April 15, 2024

Bowlingual Dog

Animal Planet Directory

Humane Society of Harford County struggling with dog overcapacity – Baltimore Sun

The Humane Society of Harford County‘s Fallston animal shelter is over capacity, with about 105 dogs currently being housed in the 19,000 square-foot facility, which normally holds between 65 and 70 dogs, according to Executive Director Bob Citrullo.

The animal shelter was already close to capacity when Harford County Animal Control seized 34 dogs last month, including 17 in the last week of February. Since the beginning of the year, the shelter has taken in 160 dogs.

“We were walking that fine line … and then animal control had a situation where they had seized 17 dogs [from one household],” Citrullo said. “That just put us over the tipping point.”

Staff at the shelter, located at 2208 Connolly Road, are trying different methods to mitigate overcrowding, including erecting a tent to use as an emergency shelter, waiving adoption fees for first responders and senior residents who adopt a senior pet. The society is also looking for people who can foster dogs temporarily in their homes and is asking for donations from the community.

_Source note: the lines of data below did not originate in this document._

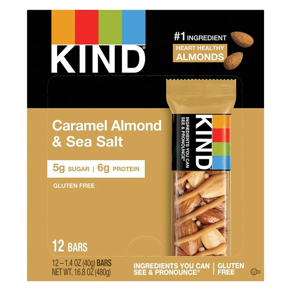 Grab these caramel, almond, and sea salt granola bars when looking for a filling, single-serving snack. These tasty snack bars are approved for gluten-free and kosher diets. This box contains 12 individually-wrapped KIND bars that can be easily stored in briefcases, purses, or backpacks for hungry moments between meals.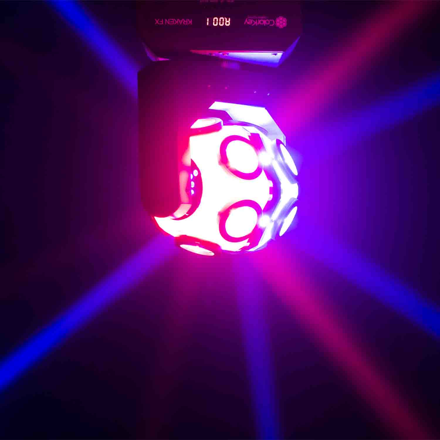 The Colorkey CKU-1070 is a Kraken FX Energizing Quad Color LED Effect Light with Built-in Blinder Perfect for Mobile DJs, Bars, and Clubs, the ColorKey Kraken FX creates energy with its frenzied movement and tentacle-like beams of light. Featuring (7) 10W Red, Green, Blue, and White LED’s positioned alongside a strobing LED strip, Kraken offers dizzying pan rotation and infinite tilt rotations allowing it to create a one-of-a-kind FX lighting experience. The 100% dimmable strobe also acts as a blinder when needed. Controlled with 512DMX, Sound Active or Auto Programs, Kraken works well as a centerpiece light. Like a mythical creature rising from the depths, Kraken bursts into action with a dazzling display of light and movement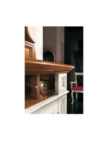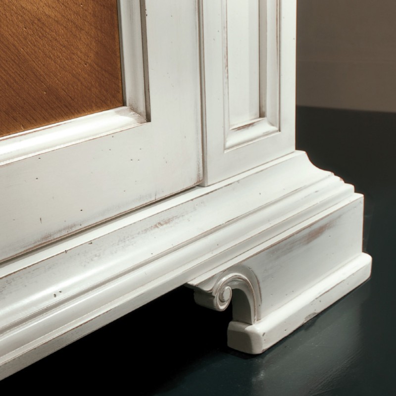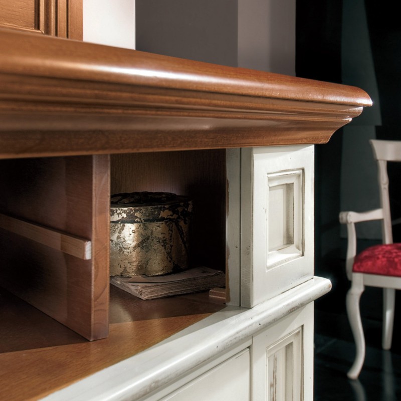 Finitura credenza: struttura laccato bianco consumato con pannelli delle 2 porte noce medio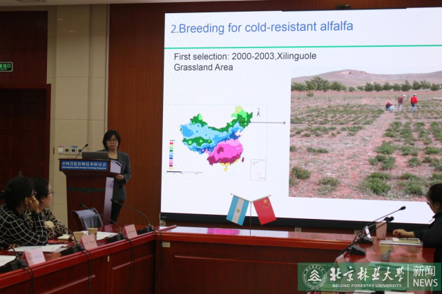 In the report, Wang Tiemei introduced the research progress of alfalfa variety breeding in Beijing Forestry University, focusing on the breeding methods of cold-resistant varieties, the evaluation of fall dormancy, disease resistance identification results, planting division and promotion, etc.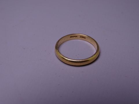18CT GOLD WEDDING BAND, SIZE N, 3.2grms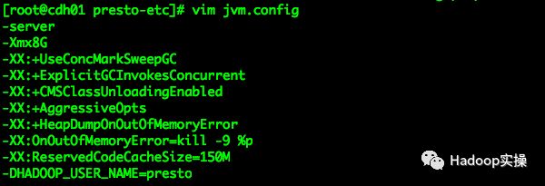 4.修改presto的jvm.config,在配置文件中增加Presto访问HDFS的用户名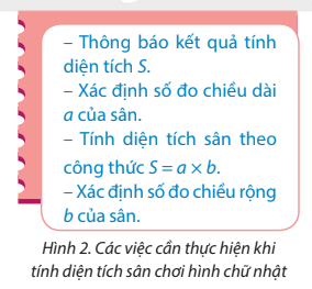 Khám phá 1 trang 38 SGK Tin học lớp 5: Sắp xếp và đánh số thứ tự các việc ở Hình 2 theo trình tự thực hiện tính diện tích sân chơi hình chữ nhật.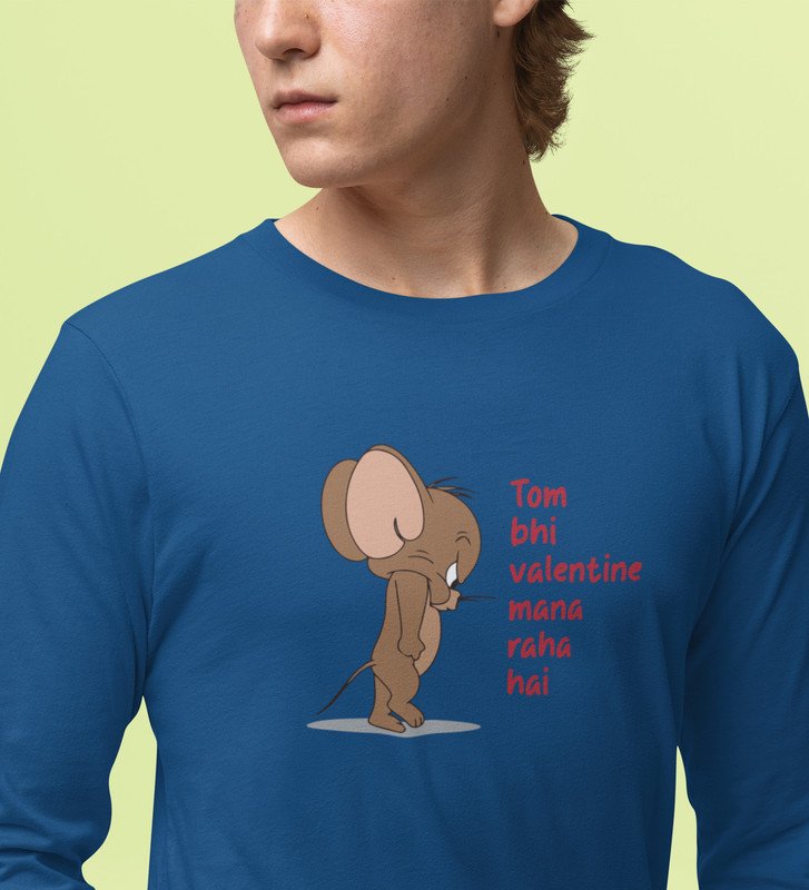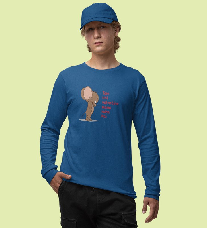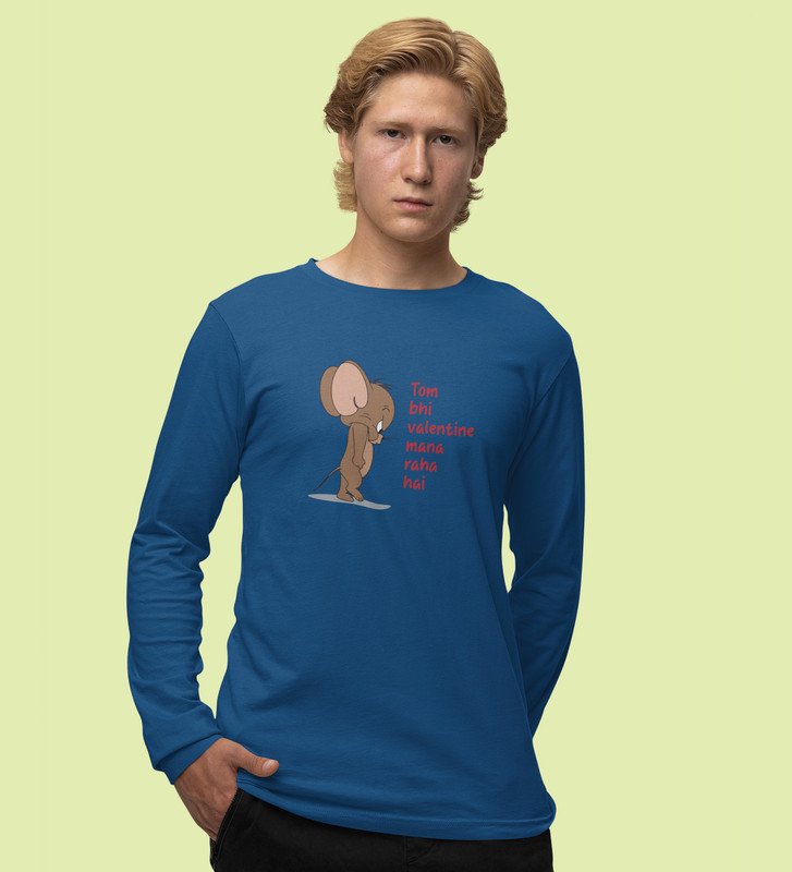 Even Tom Has A Valentine: (blue) Full Sleeve T-Shirt For Singles With Print

The emergency shelter is a tent with a trailer from the American Kennel Club Pet Disaster Relief and has enough resources to care for 100 dogs.

The humane society is the only local shelter under contract with the county government to house and care for animals surrendered by residents, found as strays or seized by animal control. The no-kill shelter takes all kinds of animals and is only currently having trouble with space for dogs.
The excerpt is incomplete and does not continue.